Tuesday, August 16, 2016

Come Fellowship With Us

Brothers, sisters, join us in the light. Our hearts are open. Our doors are open. Thursday’s potluck begins at six o’clock, well, five-thirty if you have something for the steam trays. You can use the side entrance and head straight to the kitchen. Linda will be there. She’ll tell you what to do. As usual.

We’ll need volunteers to help with the folding tables and chairs.

Come fellowship with us.

Brian just came back from Togo and he’ll put on a little presentation about the children he saw, the wretchedness. Your contributions go a long way toward bringing the eternal light of the Redeemer to the darkest places in Creation. They buy mosquito nets. Lentils.

There’s a sing-along every night at eight. Join hands with us in fellowship in the light and love of the Lord.

I understand our Couples Perseverance Circle is becoming quite popular. Tuesdays at seven. What? What’s that Linda? Oh, seven-thirty. OK. You don’t have to— You don’t have to corr— Now come on. You don’t have to correct me in that tone. No, no, no. I know. Seven-thirty, not seven. I know we wouldn’t want our brothers and sisters to be misin— Now come on, now. It’s just your tone, Linda. Please don’t correct me in that tone of voice.
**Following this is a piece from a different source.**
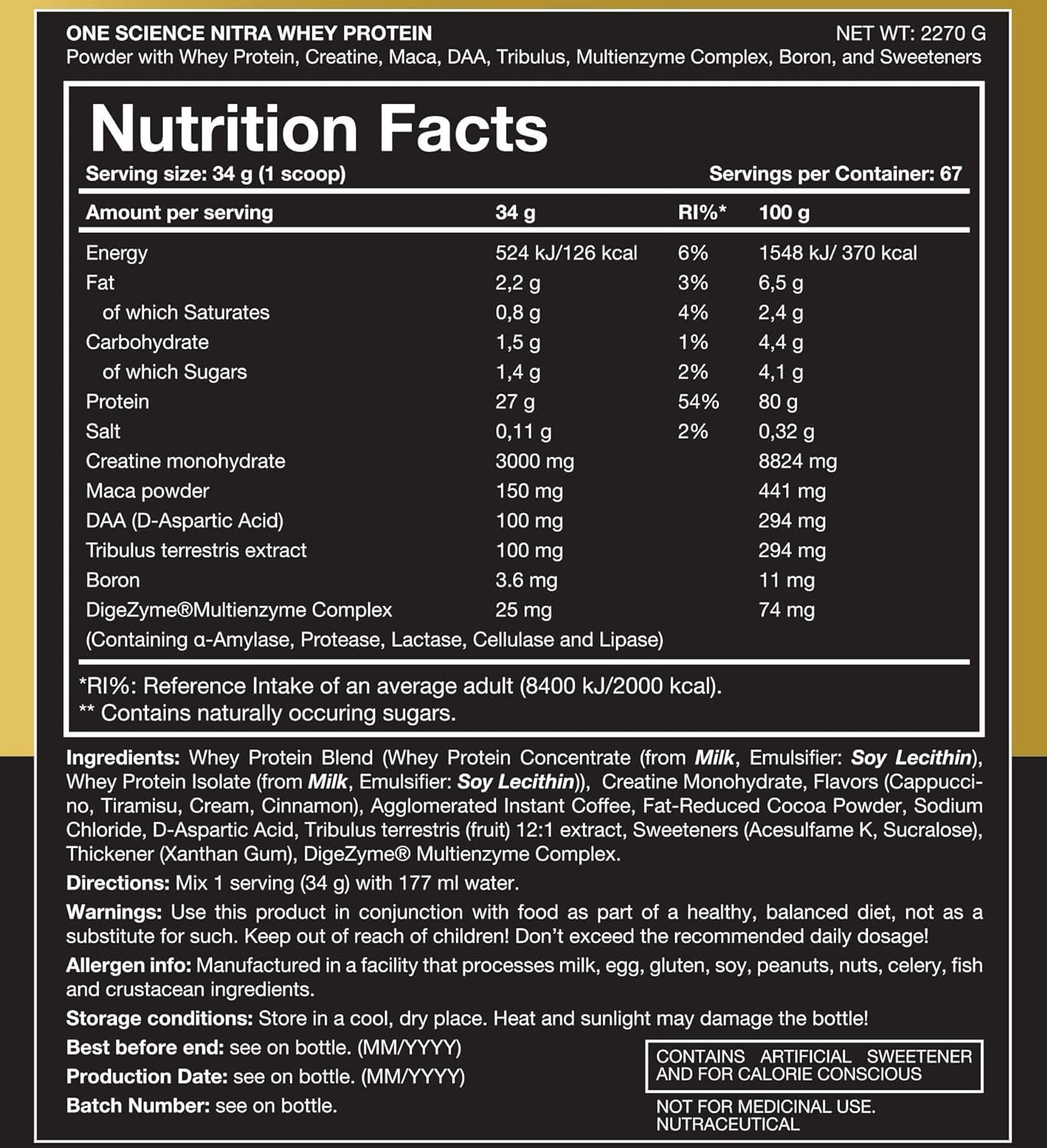 One Science Nutrition Whey Nitra is scientifically engineered to provide a ground-breaking formula that delivers fast-acting whey protein to maintain and build lean muscle. Each scoop contains 27g of quality protein that works straight on your muscles. ?Support muscle growth & maintenance ?6.6 gms BCAA per serving ?3 gms Creatine per serving ?Pure muscle-building protein ?150 mg MACA powder ?100 mg DAA ?100 mg Tribulus ?3.6 mg Boron ?With Added Digestive Enzymes & herbal testosterone boosters ?27 gms blend of whey concentrate & whey isolate ?protein source ?Delivers rich thickness and taste ?Accelerate fat metabolism ?Low in carbohydrates ?Patented & Clinically proven ingredients ?Available in 3 delectable flavors – Chocolate Brownie, Cappuccino & White Choco Almond
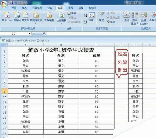 2、将姓名列复制出来,粘贴到后方位置,这里为了方便演示放在同一个表格中,也可以根据需要粘贴到新的表格中;

Come in the spirit of fellowship and lay your burden down. Why just last week the Robertsons shared something quite remarkable with the group. I don’t think I’m speaking out of school when I declare that they have reaffirmed their commitment to each other in Christ. Remember some of the interesting scripture they quoted? May all your pain be pleasure; may your bondage set you free. I was intrigued by that. It’s been a long road, and yea the road be curvy. It’s a tall mountain, and verily it be steep. But anywhere a man plants his flag be his... home? Something like that. Can I get an amen? What was it, 1 Corinthians? Not sure about chapter and verse. What Linda? What now? Galatians? Linda thinks it’s Galatians. I’m not so sure, but— Honey? Honey, please don’t interrupt me during the writing of the newsletter, it’s one of the few goddamned moments of peace I get in this—

Forgive me.

Not you Linda, them. Forgive me, dear brothers and sisters in Jesus. No— Uh— What?

OK, of course, of course. You too. You too may forgive me, dear.

I’ve asked Terri and Sam to do a show-and-tell for us next time, anyway. Of some of the blessed objects they described. That have brought them so much light and joy in Christ.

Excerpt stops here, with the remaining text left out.